How can we make delicious, healthy food easily and cheaply accessible?
How can we integrate wisdom, experience, instinct, intuition, healing, care and wellness into evidence-based healthcare?
How can we motivate ourselves to eat healthily, drink less, exercise more and relax?
How can hospitals empower, support and care for their staff?
How can we make welfare, health and social care financially sustainable?
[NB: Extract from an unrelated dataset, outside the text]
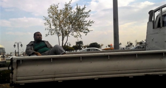 Olay, Tekirdağ’ın merkez ilçesi Süleymapaşa’ya bağlı Hürriyet Mahallesi mevkiinden Malkara istikametine giden bir kamyonetin kasasında meydana geldi. Hareket halindeki kamyonetin kasasının kapağına yaslanmış bir vaziyette yolculuk yapan vatandaşın görüntüleri akıllara durgunluk getirdi. Kamyonetin kasasının en arkasına yaslanıp, hiçbir yere tutunmadan elindeki atıştırmalıkları yiyerek adeta ölüme meydan okuyan şahıs, diğer sürücülerinde uyarılarını dikkate alamadan tehlikeli yolculuğuna devam etti. Amatör kameralar tarafından görüntülenen şahıs, uyarılar üzerine hiçbir yanıt vermeden şaşkın bakışlar arasından gözlerden kayboldu.

Human beings are adapted to a diet of naturally-occurring fruit, vegetables and animals. Extensive research and common sense tells us that we are healthier and happier if we eat the food that our bodies are suited to rather than highly processed food full of sugar, salt, hormones and additives. It is the responsibility of every individual to make choices about what they eat. However, we are not living as hunter-gatherers. We live in a highly industrialised complex society in which our food is provided by the food industry. Many of us are struggling to eat healthily given the options available. Manufactured food is designed to exploit our taste for fatty, sugary, salty rich food. For the sake of our health and economy, we must make healthy, natural and nutritious food easily available, affordable and tasty. It is a responsibility of government to use regulation and tax to ensure that companies are strongly incentivised to meet the need for cheap, easily accessible, convenient, highly nutritious and tasty food. There should be high taxes on unhealthy foods and tax incentives for healthy food. The food industry must be held accountable for knowingly promoting diets that are harmful both to our health and our economy. We need to use our gut instinct and common sense to guide us as to what our bodies really need to eat to keep us healthy. The challenge is to resist temptation.